== Input data ==
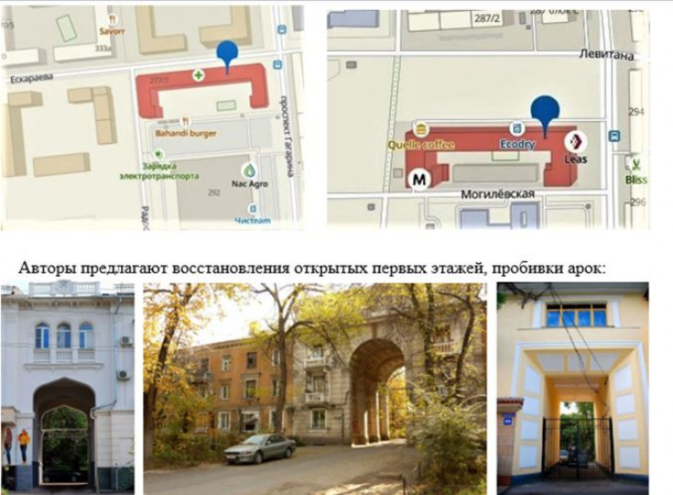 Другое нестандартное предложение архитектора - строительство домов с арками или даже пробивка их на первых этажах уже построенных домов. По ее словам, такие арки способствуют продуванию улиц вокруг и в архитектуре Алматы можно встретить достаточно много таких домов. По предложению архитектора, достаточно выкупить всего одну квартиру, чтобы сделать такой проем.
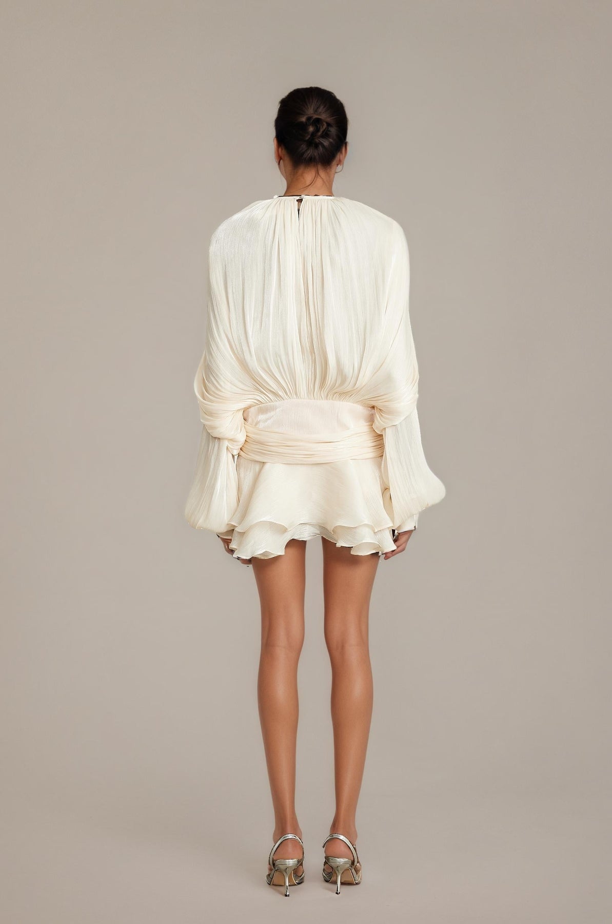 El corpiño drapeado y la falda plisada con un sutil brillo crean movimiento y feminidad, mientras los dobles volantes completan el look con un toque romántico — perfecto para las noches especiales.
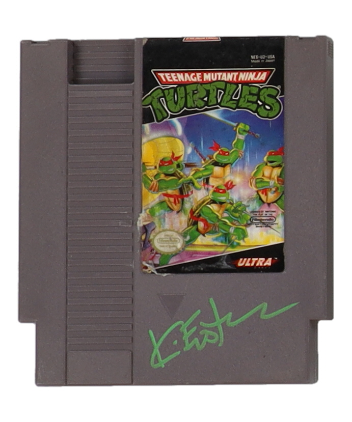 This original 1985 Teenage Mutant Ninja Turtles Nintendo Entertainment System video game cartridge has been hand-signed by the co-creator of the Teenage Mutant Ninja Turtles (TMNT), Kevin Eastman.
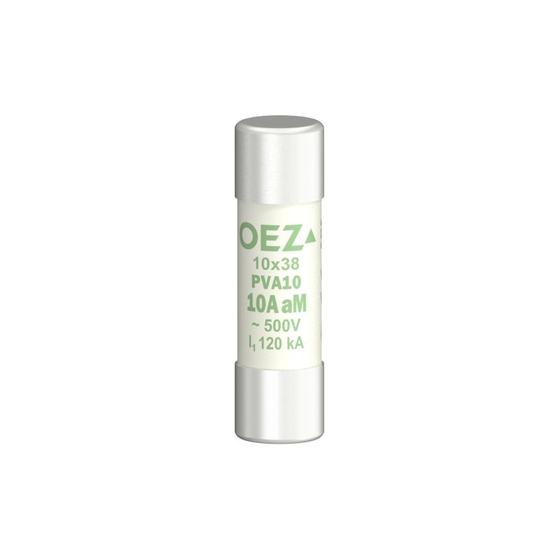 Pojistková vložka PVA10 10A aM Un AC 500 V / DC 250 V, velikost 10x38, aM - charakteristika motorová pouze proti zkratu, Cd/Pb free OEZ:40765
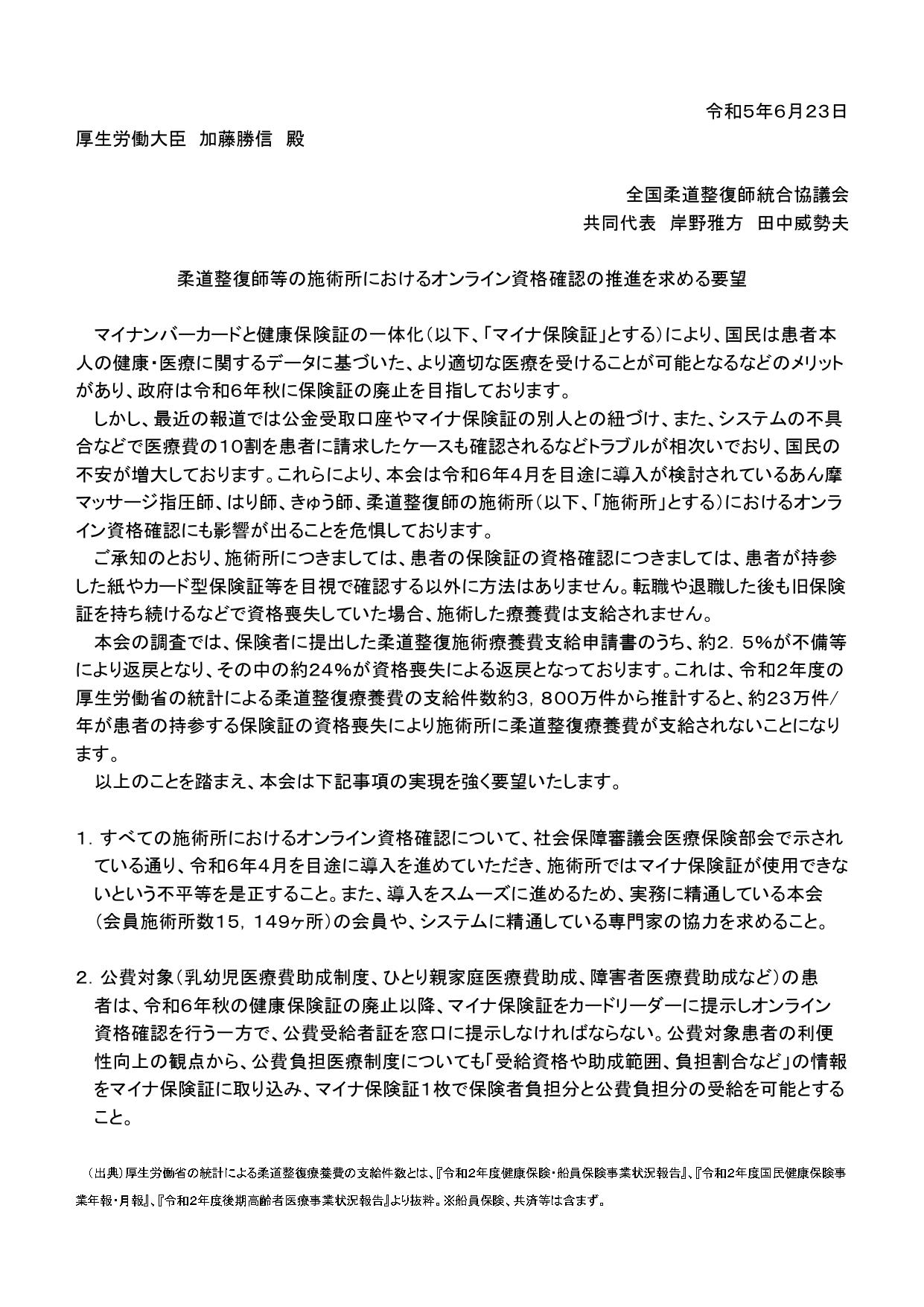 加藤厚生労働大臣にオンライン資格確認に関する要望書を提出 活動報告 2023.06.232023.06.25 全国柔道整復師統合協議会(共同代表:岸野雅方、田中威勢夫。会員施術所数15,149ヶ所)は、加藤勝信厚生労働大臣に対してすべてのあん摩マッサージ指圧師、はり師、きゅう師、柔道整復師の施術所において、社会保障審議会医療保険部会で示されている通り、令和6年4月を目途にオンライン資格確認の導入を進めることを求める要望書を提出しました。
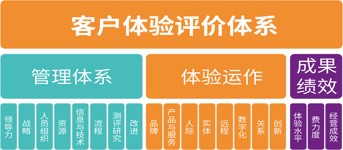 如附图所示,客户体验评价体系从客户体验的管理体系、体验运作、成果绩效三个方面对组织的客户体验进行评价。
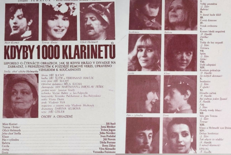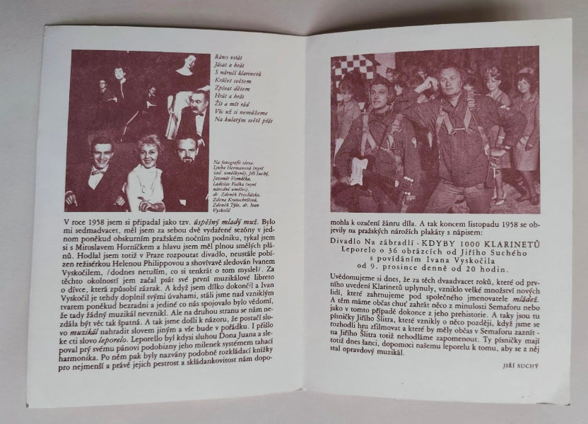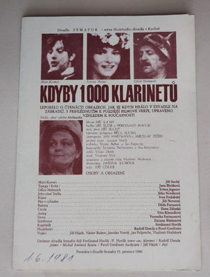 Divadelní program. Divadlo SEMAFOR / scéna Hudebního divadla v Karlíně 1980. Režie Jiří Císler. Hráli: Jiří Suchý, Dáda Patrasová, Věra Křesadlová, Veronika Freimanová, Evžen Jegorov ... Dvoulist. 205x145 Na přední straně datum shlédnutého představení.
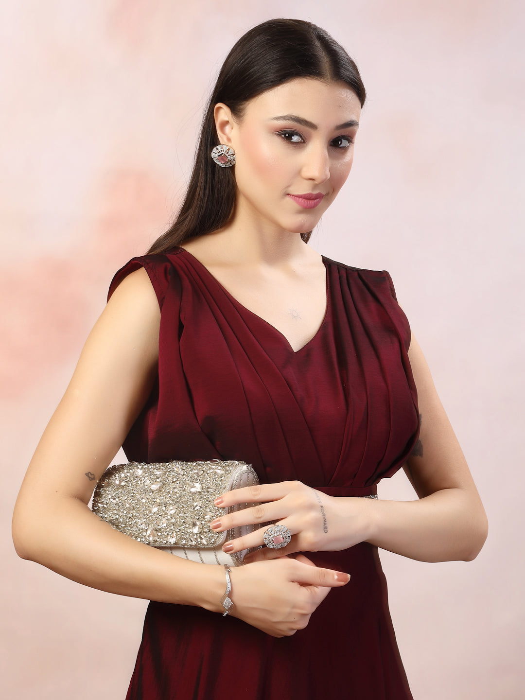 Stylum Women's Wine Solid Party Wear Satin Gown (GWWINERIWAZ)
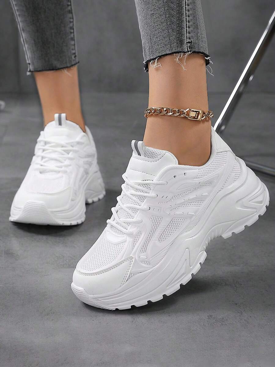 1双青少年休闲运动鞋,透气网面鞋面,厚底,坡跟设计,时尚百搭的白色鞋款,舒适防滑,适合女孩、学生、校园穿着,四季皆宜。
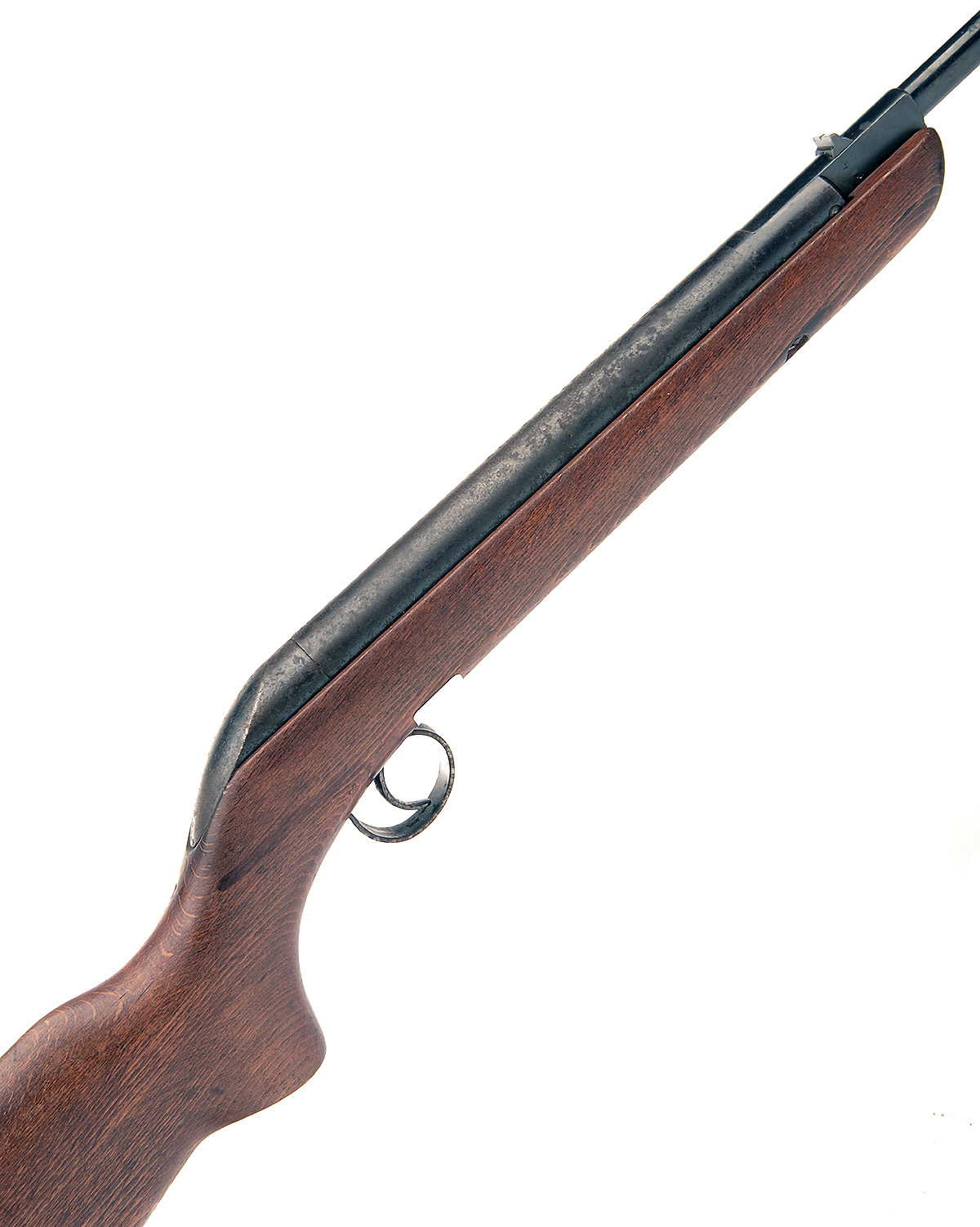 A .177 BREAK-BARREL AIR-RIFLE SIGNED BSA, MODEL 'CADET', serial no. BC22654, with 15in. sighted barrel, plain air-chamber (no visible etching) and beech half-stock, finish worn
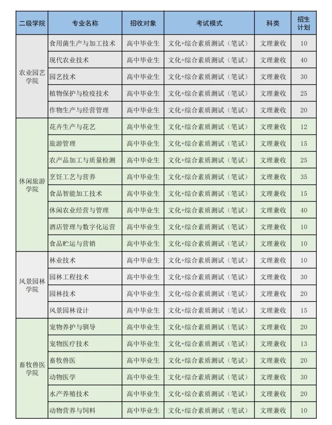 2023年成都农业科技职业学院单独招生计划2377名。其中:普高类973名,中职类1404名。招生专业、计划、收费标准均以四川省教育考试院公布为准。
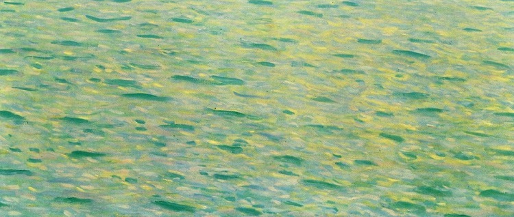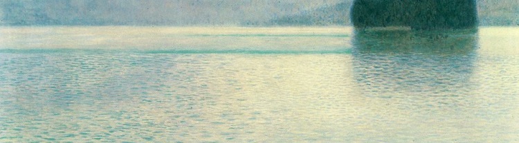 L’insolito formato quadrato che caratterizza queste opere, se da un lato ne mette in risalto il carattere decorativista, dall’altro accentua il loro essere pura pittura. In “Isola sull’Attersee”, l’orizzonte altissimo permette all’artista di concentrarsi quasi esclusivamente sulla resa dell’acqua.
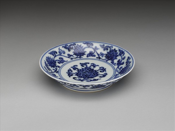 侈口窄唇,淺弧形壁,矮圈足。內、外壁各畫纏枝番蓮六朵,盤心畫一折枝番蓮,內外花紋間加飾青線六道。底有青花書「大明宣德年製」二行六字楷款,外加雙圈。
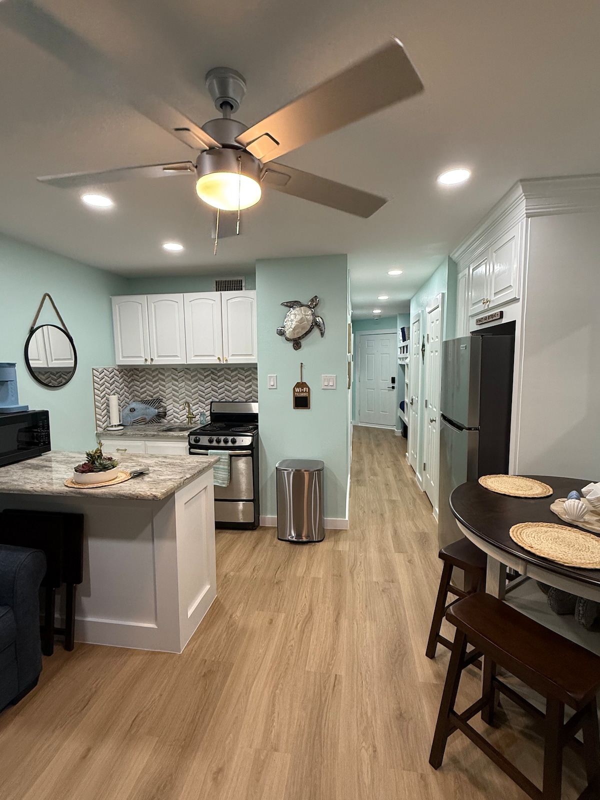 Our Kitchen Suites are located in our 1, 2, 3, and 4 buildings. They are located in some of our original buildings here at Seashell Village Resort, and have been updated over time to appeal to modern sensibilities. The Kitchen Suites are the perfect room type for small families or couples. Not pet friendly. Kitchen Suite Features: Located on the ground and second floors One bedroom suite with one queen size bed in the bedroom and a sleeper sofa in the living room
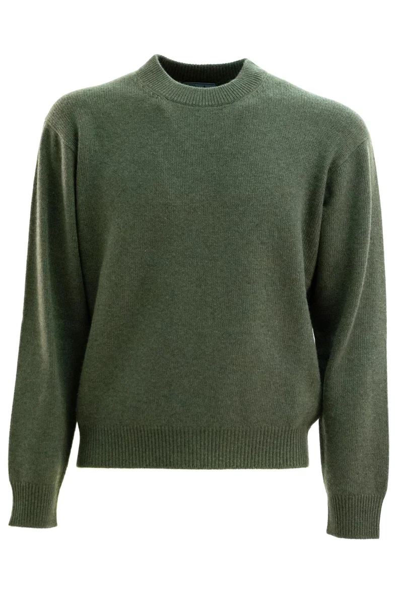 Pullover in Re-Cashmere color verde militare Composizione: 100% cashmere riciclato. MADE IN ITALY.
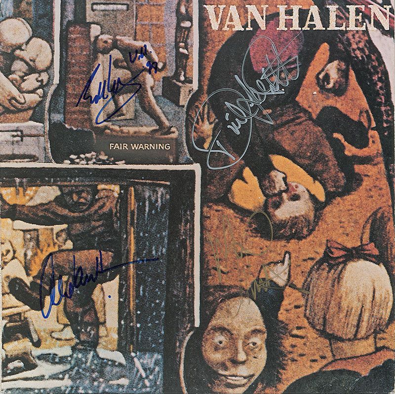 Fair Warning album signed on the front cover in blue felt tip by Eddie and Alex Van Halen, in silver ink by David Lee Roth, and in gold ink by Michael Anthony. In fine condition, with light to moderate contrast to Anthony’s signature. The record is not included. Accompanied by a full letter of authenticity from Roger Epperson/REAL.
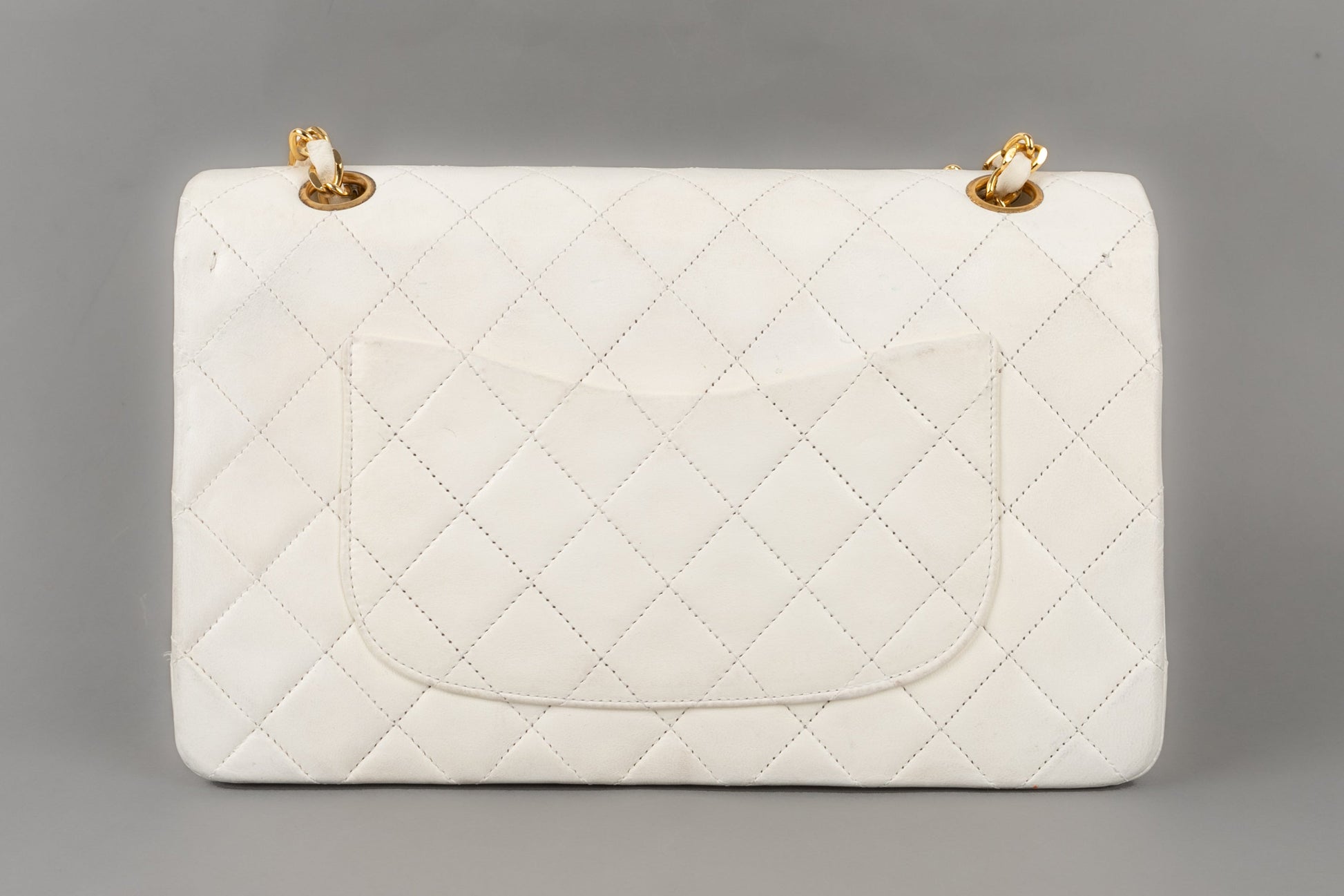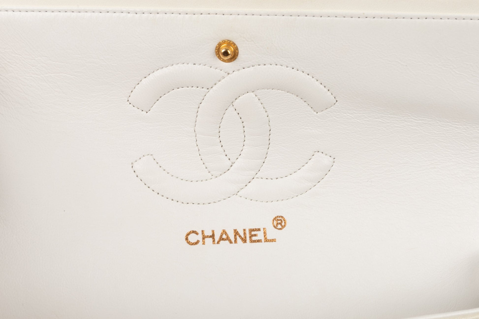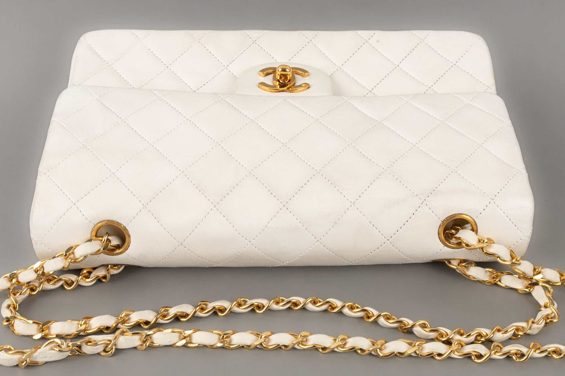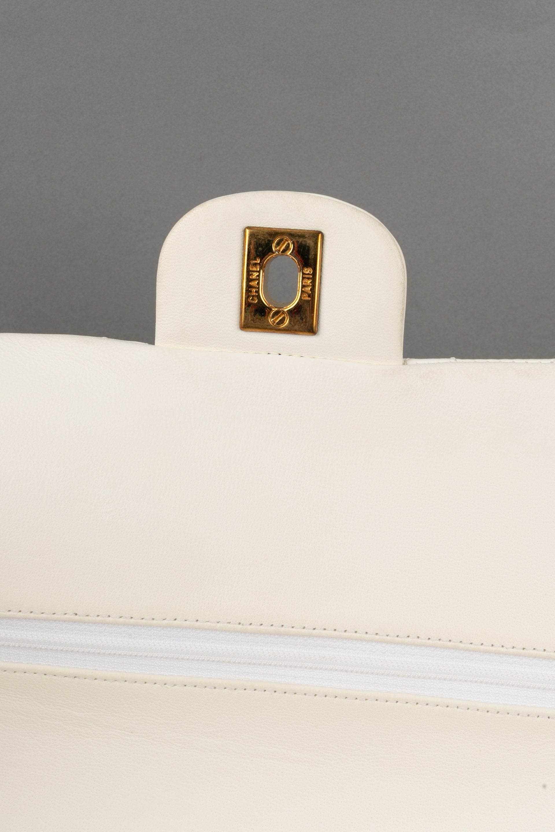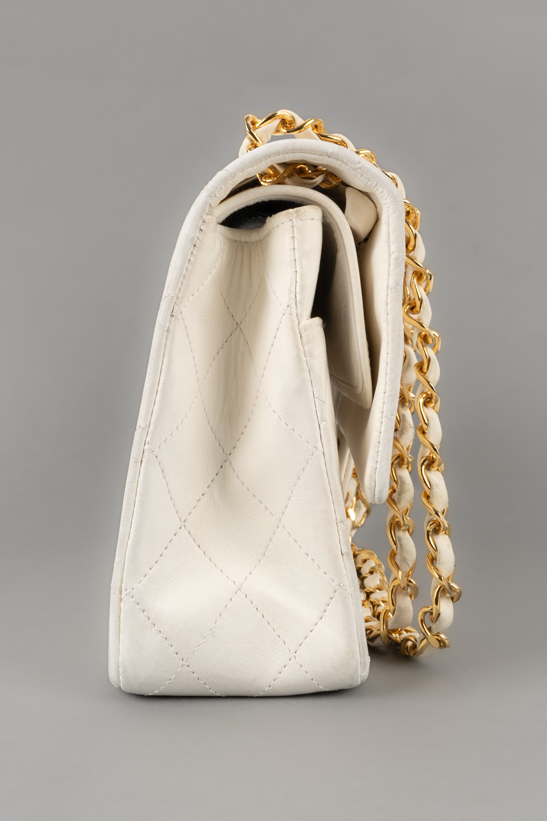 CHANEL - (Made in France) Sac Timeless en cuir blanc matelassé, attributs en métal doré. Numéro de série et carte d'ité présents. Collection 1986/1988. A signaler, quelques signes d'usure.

== Exercise description ==
Please return the data above exactly as it stands from the line with "El corpiño drapeado" to the line with "Pojistková vložka PVA10", keeping both of those lines but none of the pictures.

== Result for this task ==
 El corpiño drapeado y la falda plisada con un sutil brillo crean movimiento y feminidad, mientras los dobles volantes completan el look con un toque romántico — perfecto para las noches especiales.
 This original 1985 Teenage Mutant Ninja Turtles Nintendo Entertainment System video game cartridge has been hand-signed by the co-creator of the Teenage Mutant Ninja Turtles (TMNT), Kevin Eastman.
 Pojistková vložka PVA10 10A aM Un AC 500 V / DC 250 V, velikost 10x38, aM - charakteristika motorová pouze proti zkratu, Cd/Pb free OEZ:40765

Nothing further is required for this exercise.